Suis sorti du film et attendre les autres pendant deux heures : heureusement une serviette en papier et un stylo au bar du cinéma : huit quarts d’heure.
Sans nuire, jouir, est l’idée du premier quart, pas formidable, du bouillon aussi tiède que le film fui par ennui.
Ensuite pendant un quart d’heure je songe à quoi les enfants sont victimes entre eux, lors qu’affrontés à la puissante sauvagerie des autres enfants, des plus grand•es, tout heureux•ses d’exercer impunément leur domination. Je ne me suis souvenu d’une telle condition que lorsqu’à deux reprises j’ai été menacé de mort, adulte. J’ai ressenti à ces deux moments de frousse, en moi, toute la précarité de ma faiblesse, et le souvenir d’avoir adoré, de trois ans à treize ans, dix années consécutives, ma prosternation devant le Maître, celui qui était beaucoup plus grand, l’autre gosse- jusqu’au jour où hélas, ayant grandi, je n’avais plus de modèle pour continuer de rêver d’une grandeur à atteindre. Il était tombé devant mon propre agrandissement. J’étais devenu une forteresse.

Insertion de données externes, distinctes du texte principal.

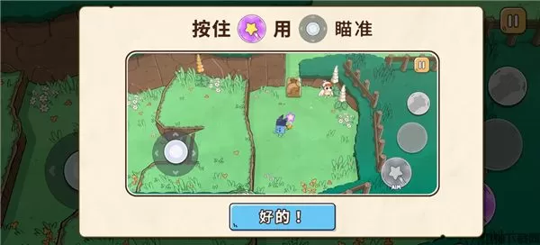 3、进入场景左下角是移动键,右边有一个瞄准键;

L’idée d’harmonie se faisait jour pour moi, malgré les incessantes bagarres et défaites, au mieux lors des moments de soumission familiale à la croyance. Là, dans l’église, l’autre morpion ne pouvait pas se jucher sur moi pour que je prononce mes vœux de soumission pendant qu’il me cracherait un peu dessus – du coup j’ai d’autant plus adoré la musique qu’elle paraissait le lieu des félicités conjugables.
Tous ensemble.
Comme au foot.
Mais un peu plus tard dans l’existence enfantine, j’ai constaté que les concerts de musique de chambre, dans la salle Stravinski abandonnée depuis des décennies à la poussière, place de l’Emp…

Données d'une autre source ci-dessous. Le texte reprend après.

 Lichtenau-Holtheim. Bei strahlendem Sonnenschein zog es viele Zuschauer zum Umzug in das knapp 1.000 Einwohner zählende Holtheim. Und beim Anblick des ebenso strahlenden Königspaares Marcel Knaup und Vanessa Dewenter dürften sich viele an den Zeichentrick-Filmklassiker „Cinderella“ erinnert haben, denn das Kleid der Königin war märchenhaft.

pardon, place de la République à Strasbourg, permettaient également l’apaisement des distorsions de puissance : la modestie du métier de mon père ne l’empêchait pas de saluer les tycoons strasbourgeois d’alors, propriétaires alternativement d’une Bière ou d’une Banque. Voire d’un château. Mais mélomanes, tous ensemble. Musique soumise qui m’a permis de m’échapper ensuite vers les incroyables arithmétiques de Jean Sebastien Bach : c’est vrai que ça ressemble à un escalier : monter, monter, monter . Vers le grand frère, vers les clergés et leur ordre, vers les tours puissantes des cathédrales, vers le Tout Puissant.

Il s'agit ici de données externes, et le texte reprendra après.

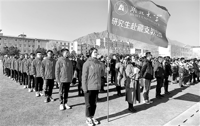 3月29日,来自完美平台的硕士研究生支教团成员在山南市东辉中学欢迎晨会上。新华社记者 张汝锋 摄

Et ainsi m’enflamme l’idée décolonialisée que 32 millions de pianistes chinois conquièrent les mondes. Pour un apaisement ? Ielles le font depuis quelques décennies déjà. Malgré la différence entre les sémantiques musicales de l’Orient de l’Occident et des moyen Orient et moyen occident (qui doit bien exister quelque part entre le Colorado et le Kamtchatchka ). Qui aurait cru, alors que nos divergences esthétiques sont vertigineuses, étudiées par un certain Daniélou.
Il fallait que ce soit un homonyme du cardinal Daniélou ! Comme si la nature ecclésiale de la réunion des publics sous la houlette de la musique avait, de la rappeuse nigériane à la championne des récitals internationaux, fonction d’unir chacun dans l’oubli des luttes pour l’espace vital.
A la messe de mon enfance, l’autre morpion ne me disputait pas la place sur le banc. J’en étais gré au curé, là-bas, au loin.
Au plan mondial ce serait évidemment, comme l’aurait dit Boris Vian épatant.